For a beginner, I personally would recommend a fallaway that offers a full containment design such as the TT full containment or the NAP Apache, or my favorite the Muzzy X-Cellorator Zero Effect just to name a few. The reason is that a newbie will first need to develop correct form and stability drawing to anchor. During this process they would have issues keeping the arrow on a lizard tongue style rest and the continual falling off can get frustrating. With a full containment the arrow can't fall off and will align perfectly. Not to mention such rests will be by far safer for a new archer due to the fact that with a tongue style or a fallaway without full containment, the arrow may be loaded off the rest on the shelf.

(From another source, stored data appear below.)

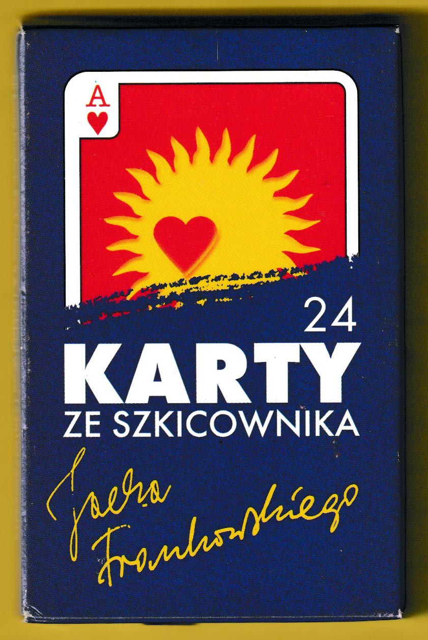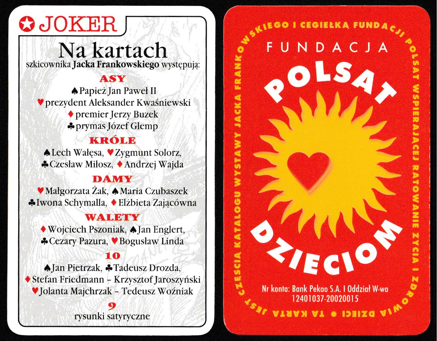 Caricatures in full colour of contemporary Poles from the sketchbook of Jacka Frankowskiego on all the court cards, Aces and 10s. Satirical drawings on the 9s. The names of all the characters depicted are listed on the Joker. These include Pope John Paul II (AS), President Aleksander Kwaśniewski (AH), Prime Minister Jerzy Buzek (AD), Cardinal Józef Glemp (AC), and Lech Walęsa (KS). Indices K, D, J, A. Backs: the charity’s logo and other text in red, yellow and white. See the box►
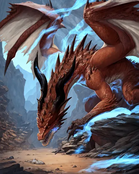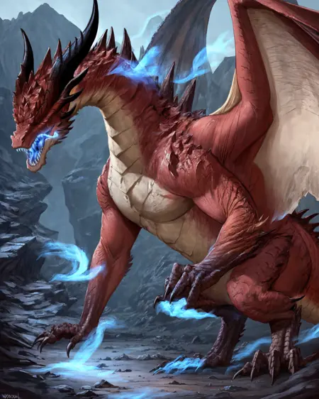 권장 긍정적 태그: mhsfjva, 오렌지색 눈, 날개, 가시 꼬리, 푸른 빛나는 입*, 아우라*, 마법*
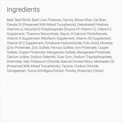 Beef, Beef Broth, Beef Liver, Potatoes, Carrots, Brown Rice, Oat Bran, Canola Oil (Preserved with Mixed Tocopherols), Dehydrated Potatoes, Vitamins (L-Ascorbyl-2-Polyphosphate (Source of Vitamin C), Vitamin E Supplement, Thiamine Mononitrate, Niacin, D-Calcium Pantothenate, Vitamin A Supplement, Riboflavin Supplement, Vitamin D3 Supplement, Vitamin B12 Supplement, Pyridoxine Hydrochloride, Folic Acid), Minerals (Zinc Proteinate, Zinc Sulfate, Ferrous Sulfate, Iron Proteinate, Copper Sulfate, Copper Proteinate, Manganese Sulfate, Manganese Proteinate, Calcium Iodate, Sodium Selenite), Guar Gum, Sodium Tripolyphosphate, Dried Kelp, Salt, Potassium Chloride, Natural Smoke Flavor, Menhaden Oil (Preserved with Mixed Tocopherols), Taurine, Choline Chloride, Carrageenan, Yucca Schidigera Extract, Parsley, Rosemary Extract.
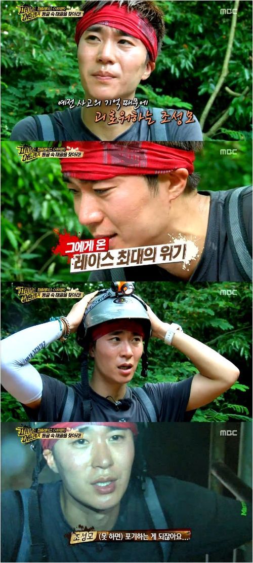 그는 동굴에서 나온 후 “이건 내 문제다. 사고를 당했던 경험 때문에 그렇다. 답답하다”고 힘들어했다. 조성모는 다시 동굴로 들어가 도전을 하려고 했지만 결국 트라우마를 극복하지 못하고 미션을 포기했다. 제작진은 그에게 15분 지연 출발을 선언했다.
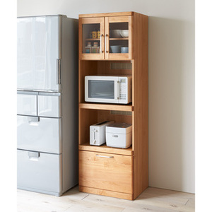 商品いっぱいに使用したアルダー天然木から自然の温かみを存分に感じられるコンパクトキッチンボード昨今ではキッチンがリビング・ダイニングと繋がったオープンタイプのLDKが多く、キッチンの空間づくりそのものにも関心が集まりつつあります。いつものキッチンをゆったりした憩いの場にしたい、お洒落なカフェのようにしたい…そんな方に向けてこのキッチンカフェシリーズをご用意しました。幅60cmから選べるコンパクトなサイズ感と多彩なバリエーション◆キッチンは収納スペースが限られているため、キッチンボードの選択は無駄なく設置することがポイント。◆本シリーズのサイズ展開はレンジ台、食器棚が幅60cm、キッチンカウンターが90cmなので、それぞれ用途に合わせてお選びいただけます。コンパクトサイズでも収納力あり◆引き出しは全段フルスライドレールが付いているので、全段スムーズに開けられて、奥にある収納物もらくらく取り出せます。◆扉のガラスは透明性のあるクリアガラスを使用しているので、収納物が容易に見渡せ、取り出しが…
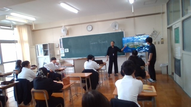 今日は、C-NET(大阪市外国語(英語)指導助手)の先生の紹介の後、数字や色、形をあらわす英語について学習しました。
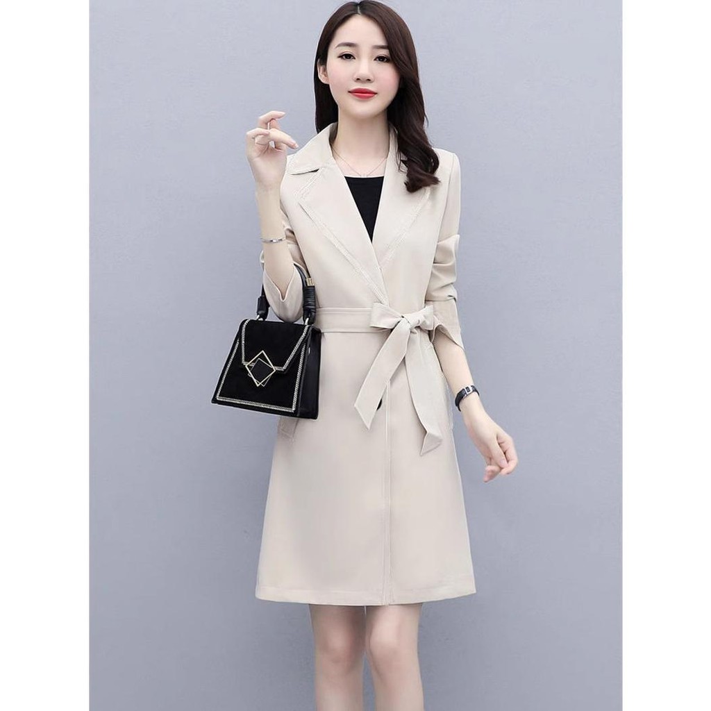 Beige Long Sleeve Plus Size Elegant Trench Coat - Up to 4XL
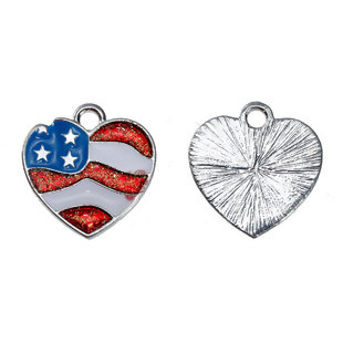 Zinklegierung Charms Herz Versilbert Weiß & Rot Staatsflagge von USA Emaille 18mm x 17mm,1 Stk

Then when fired it could impact completely off target due to not being on the rest. Hope this helps.


----------



## 12sonly (Jan 6, 2007)

Do you fell fallaway is more forgiving? The arrow doesn't travel from point to nock across it like a tongue.


----------



## themick313 (Oct 21, 2008)

If you are starting out I would recommend getting something that isn't dropping too many coins. You need the practice to get good and once you are there then you can start upgrading but you may or may not really get into it so look though the classifieds and pick up something that is second hand and save some money. I saw a apache rest (which I really like and works well for my set up) that was slightly modified for $35 which is a pretty decent deal... good luck, I hope you really enjoy it because it is either addicting, a hobby, or something you pull out a week before deer season :wink:


----------



## Old Man Archer (Mar 31, 2009)

You might want to look at a whisker bisquit to start off with or a Quicktune 1000 which has fingers or prongs for the arrow to ride on. The WB is of course full containment but you really have to work to tip your bow enough to get an arrow to fall off of a Quicktune style rest , if it is set up correctly it is as accurate as a blade rest at a fraction of the cost. A drop away is a great rest but if not set up correctly can be a big detriment to a new archer, the drop away cord can stretch if it gets soaked in a rain storm or the cord can slip up in the cable its attached to. A new archer should work at fundamentals and not have to worry about equipment failure they can't figure out. I'm not trying to insult or any thing like that just suggesting the easiest and most fool proof so you can enjoy shooting without problems. You can always upgrade as you get better and more accustomed to the sport , but the key is to enjoy shooting and to improve your skills then move on to the more intricate parts of the sport and the equipment you can upgrade to. Kevin


----------